Em razão do exposto, conheço do presente conflito para declarar a competência do Juízo de Direito da 2ª Vara Criminal de Guarapuava/PR.
CERTIDÃO DE JULGAMENTO TERCEIRA SEÇÃO Número Registro: 2003/0187145-1 CC 40569 / SP MATÉRIA CRIMINAL Número Origem: 2003000829 EM MESA JULGADO: 10/03/2004 Relator
Exmo. Sr. Ministro JOSÉ ARNALDO DA FONSECA Presidente da Sessão
Exmo. Sr.
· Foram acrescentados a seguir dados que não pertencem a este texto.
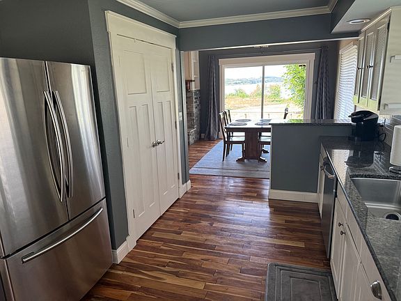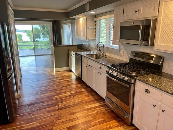 Rustic and cozy furnished Colorado style ranch. 2 bedroom, 1 1/2 bath ranch with 1,020 SF on main floor and approx. 765 SF down. Main floor features tiled entry, large kitchen with white cabinets, stainless steel sink and faucet, granite countertops, upgraded stainless steel appliances including gas stove, breakfast bar and large walk-in pantry. 10' ceilings in dining area and family room. Rustic ceiling beams with up lighting. Hardwood flooring & center stone fireplace. Oversized slider to large deck overlooking backyard and lake. One bedroom on main floor with 2 spacious closets, 3/4bath & linen closet. Lower level is finished, has 2nd bedroom area, family room, office/work area, bath, laundry & storage. Home backs to Rock Creek State Park, walk out your back door to hiking paths and instant kayaking and fishing.
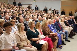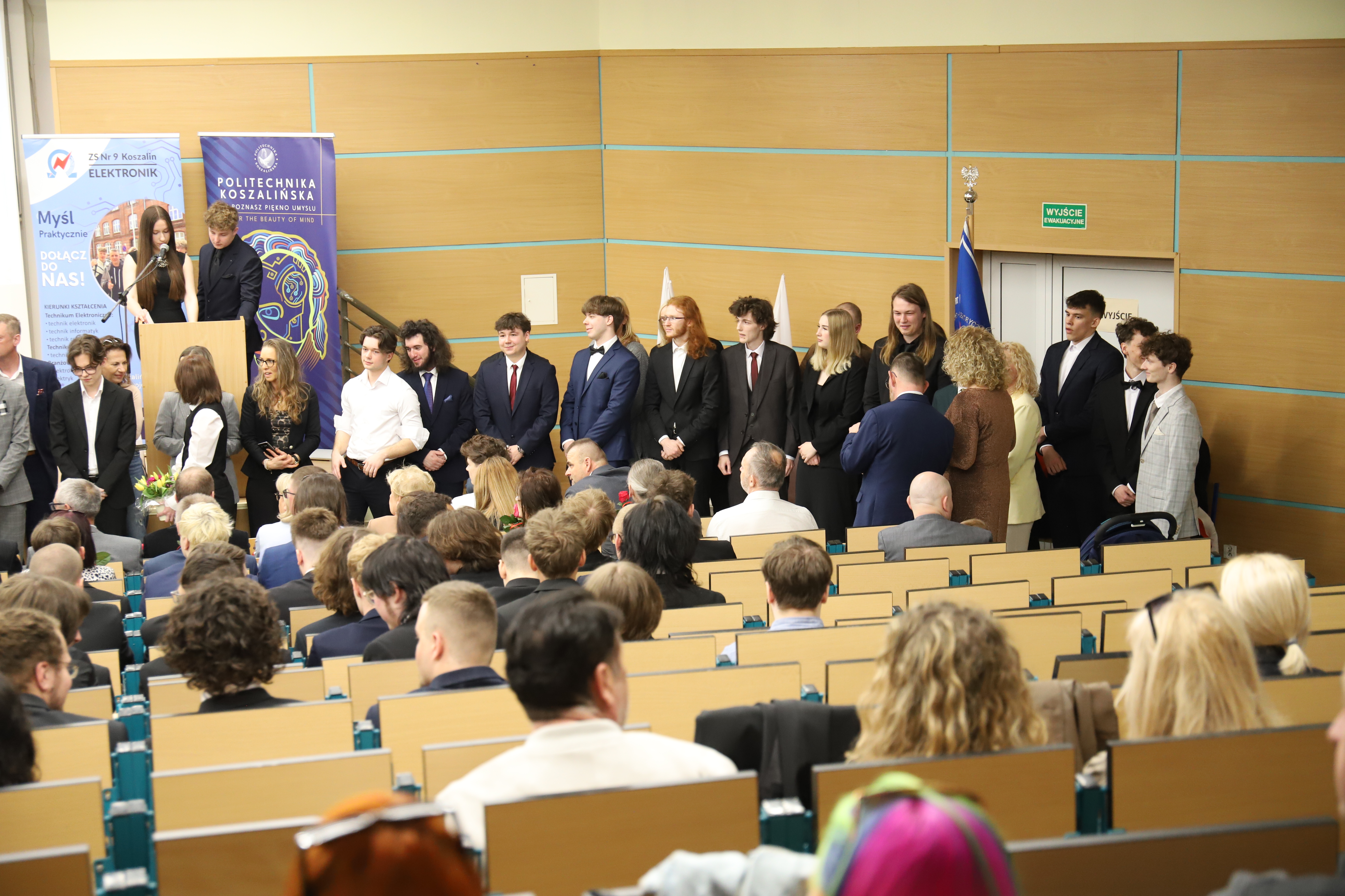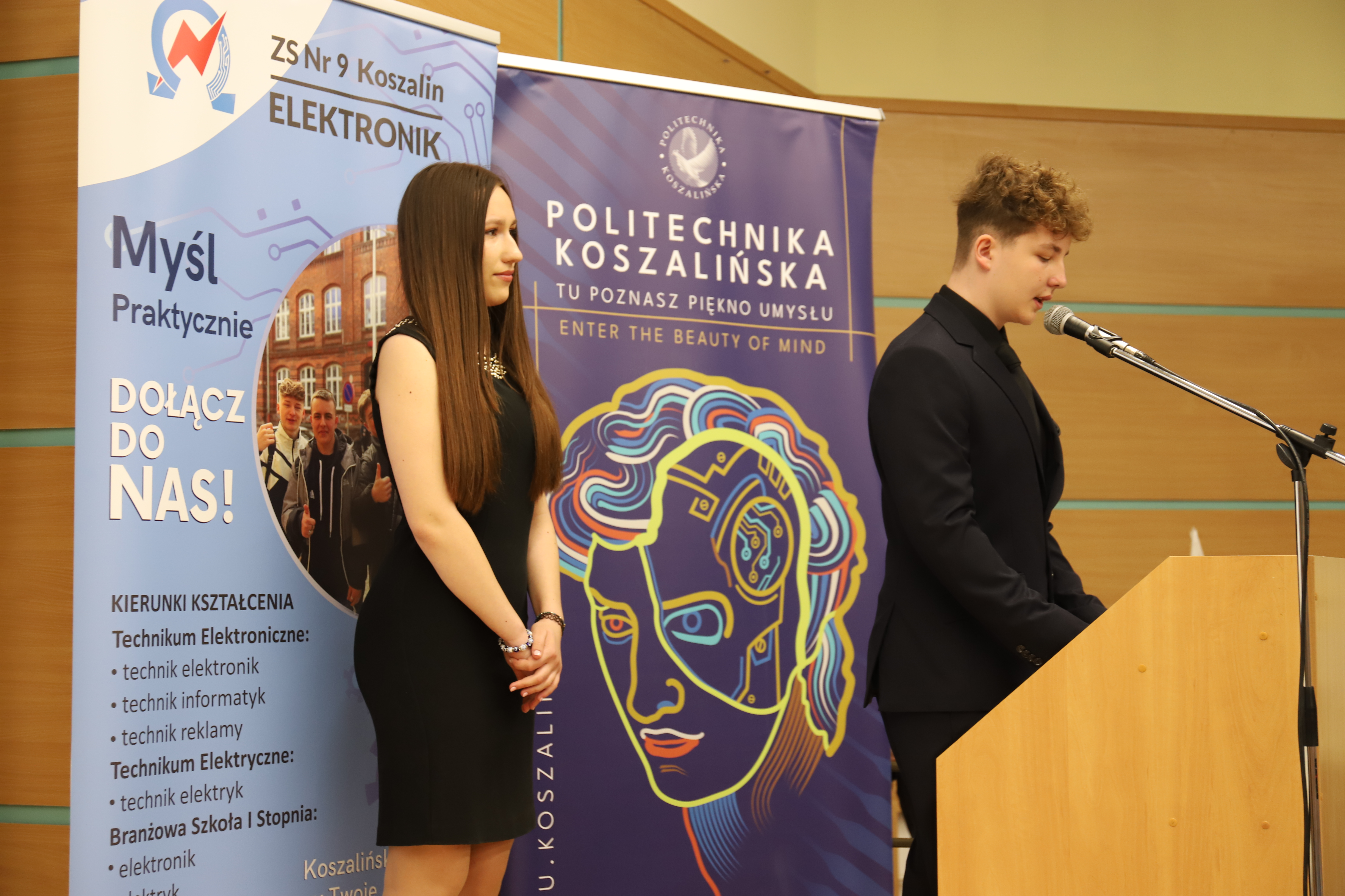 W wydarzeniu uczestniczyli maturzyści, nauczyciele, rodzice oraz zaproszeni goście. Uroczystość rozpoczęła się od oficjalnego powitania zebranych przez dyrektor placówki Anettę Wilk. Głos zabrali także przedstawiciele Politechniki Koszalińskiej dziekan Wydziału Elektroniki i Informatyki , prof. dr hab. inż. Krzysztof Rokosz i prodziekan ds. kształcenia Wydziału Architektury i Wzornictwa, dr hab. Anna Szklińska, prof. PK.
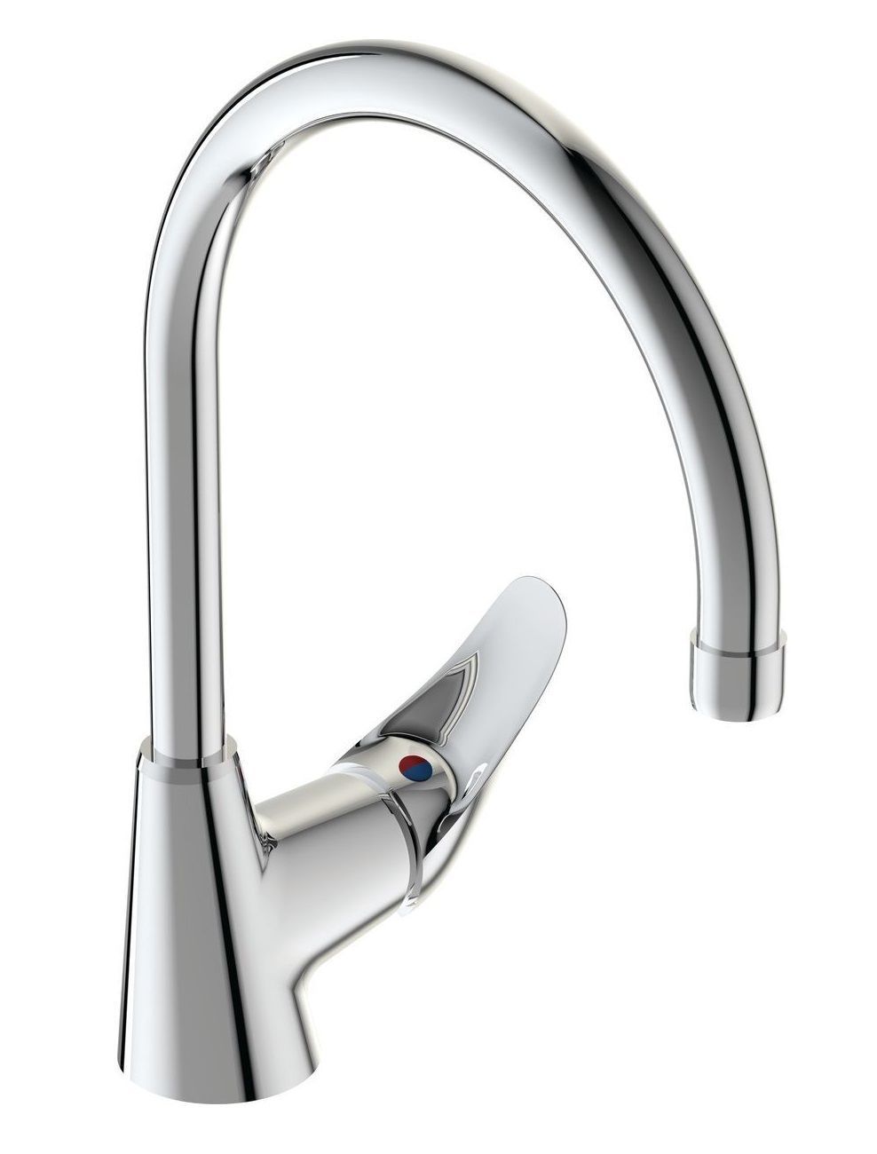 ORION Смеситель для кухонной мойки, система монтажа EASY-FIX (облегченный монтаж), трубчатый поворотный излив 200 мм, тип R, угол поворота 360˚, аэратор Perlator, керамический картридж 35 мм, металлическая рукоятка с индикаторами горячей / холодной воды, подводка гибкая G1/2", шланги стандартной длины 400 мм, дополнительная пластиковая монтажная накладка для лучшей установки на стальной мойке

Ministro FELIX FISCHER Subprocuradora-Geral da República
Exma. Sra. Dra. JULIETA E. FAJARDO C. DE ALBUQUERQUE Secretária
Bela. VANILDE S. M. TRIGO DE LOUREIRO
AUTUAÇÃO
AUTOR : JUSTIÇA PÚBLICA
SUSCITANTE : JUÍZO DE DIREITO DA 6A VARA CRIMINAL DO FORO CENTRAL DE SÃO
PAULO - SP
SUSCITADO : JUÍZO DE DIREITO DA 2A VARA CRIMINAL DE GUARAPUAVA - PR
ASSUNTO: Penal - Crimes contra o Patrimônio (art. 155 a 183) - Extorsão (art.158)
CERTIDÃO
Certifico que a egrégia TERCEIRA SEÇÃO, ao apreciar o processo em epígrafe na sessão realizada nesta data, proferiu a seguinte decisão:
A Seção, por unanimidade, conheceu do conflito e declarou competente o Suscitado, Juízo de Direito da 2a. Vara Criminal de Guarapuava - PR, nos termos do voto do Sr. Ministro Relator.
Votaram com o Relator os Srs. Ministros Gilson Dipp, Hamilton Carvalhido, Paulo Gallotti, Laurita Vaz e Paulo Medina.
Ausente, ocasionalmente, o Sr. Ministro Jorge Scartezzini. O referido é verdade. Dou fé.